Поэтому, сегодня, особенно после британского референдума о выходе Великобритании из ЕС, Европейский Союз может реализовать все возможности значительного усиления политического единства и повышения конкурентоспособности, если передовые европейские нации смогут инициировать процесс новой структурной и функциональной перестройки в направлении универсализации прежде всего политической структуры хотя бы для тех стран, которые реально имеют развитые социально-экономические системы. И такой проект уже анонсирован, ведь, как стало известным, документ под названием «Сильная Европа в небезопасном мире», подготовленный главами МИД Германии и Франции, 27 июня был представлен коллегам из Вышеградской группы (Польша, Чехия, Словакия и Венгрия). Принятие положений этого меморандума всеми государствами ЕС превратит ЕС из политического союза государств в единое европейское государство со всеми вытекающими из этого последствиями.

В этом новом супер-Евросоюзе появится единая собственная армия, единая собственная спецслужба, единое уголовное законодательство, единая налоговая система и Центральный банк. Короче говоря, государства ЕС, с одной стороны, лишатся всего, что способно защитить интересы суверенного государства стандарта прежних систем международных отношений, начиная с Вестфальской и кончая Ялтинско-Потсдамской, но, с другой, обретут возможность создания со своими стратегическими партнёрами и союзниками собственного универсального государства и, соответственно, новой системы международных отношений и безопасности, которая сделает ЕС более сильной и безопасной.

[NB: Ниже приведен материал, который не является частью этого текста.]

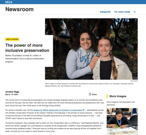 The UCLA/Getty Interdepartmental Program in the Conservation of Cultural Heritage has received three generous grants from the Andrew W. Mellon Foundation to help address underrepresentation in the study and practice of conservation. The first grant supported a four-year pilot program (2017-2020), the second supported phase two (2020-2023), and building on the successes of the prior years, phase three (2024-2026) is underway! Read about the most recent Mellon Foundation investment and the power of more inclusive preservation at the UCLA Newsroom.

О новой системе международной безопасности

Желая заново одержать победу в ново-гибридной Холодной войне, передовые страны ещё более политически консолидируются, и данная консолидация будет идти уже по канонам сетевой структуры организации информационной формации в сфере технологического и социально-экономического развития

Кстати, что касается новой системы международной безопасности, то она сегодня уже буквально стоит на повестке дня международной политики после российской агрессии в Украине и начинает активно формообразовываться. Исследователи уже сейчас отмечают, что мир возвращается к практике Холодной войны[3], что происходит уже на новом витке истории, когда человечество вступило в информационную формацию своего развития. Передовые страны, столкнувшись с рецидивами пещерной политики со стороны слегка модифицированного коммунистического блока, который желает восстановить своё былое «величие», закономерно стали возобновлять и усиливать использование собственных стратегий времен Холодной войны. США, и я думаю, что в скором времени и Евросоюз, очень быстро возвратят полный объём санкций против России, которые вводились когда то против СССР. Желая заново одержать победу в ново-гибридной Холодной войне, передовые страны ещё более политически консолидируются, и данная консолидация будет идти уже по канонам сетевой структуры организации информационной формации в сфере технологического и социально-экономического развития, как важных путях формирования универсального государства.

Понимает ли Китай, в какую пропасть его может затянуть военно-политическое сотрудничество с Россией, желающей в очередной раз «встать с колен», или объявленное Си Цзиньпином усиление координации позиций России и Китая, осуществления друг с другом сотрудничества в рамках вопросов глобального и регионального характера, с тем, чтобы обеспечить общую стратегическую безопасность двух стран, является лишь комплементарной декларацией? А может Китай желает воспользоваться ухудшением социально-экономической ситуации в России и извлечь пользу для себя. Одна китайская стратегема, кстати, называется «Грабить во время пожара», а другая «Наблюдать за огнём с противоположного берега». Все это, как я полагаю, в духе Сунь Цзы.

С другой стороны, понимают ли британцы, и в целом, европейцы, какой итог может ожидать «распадающийся» (по мнению В.Путина) из-за «brexit» Евросоюз? Делает ли Запад «один шаг назад», чтобы сделать «два шага вперед» – построить своё универсальное государство в Европе и совместно с союзниками построить новую систему международной безопасности, соответствующую информационной формации развития человечества?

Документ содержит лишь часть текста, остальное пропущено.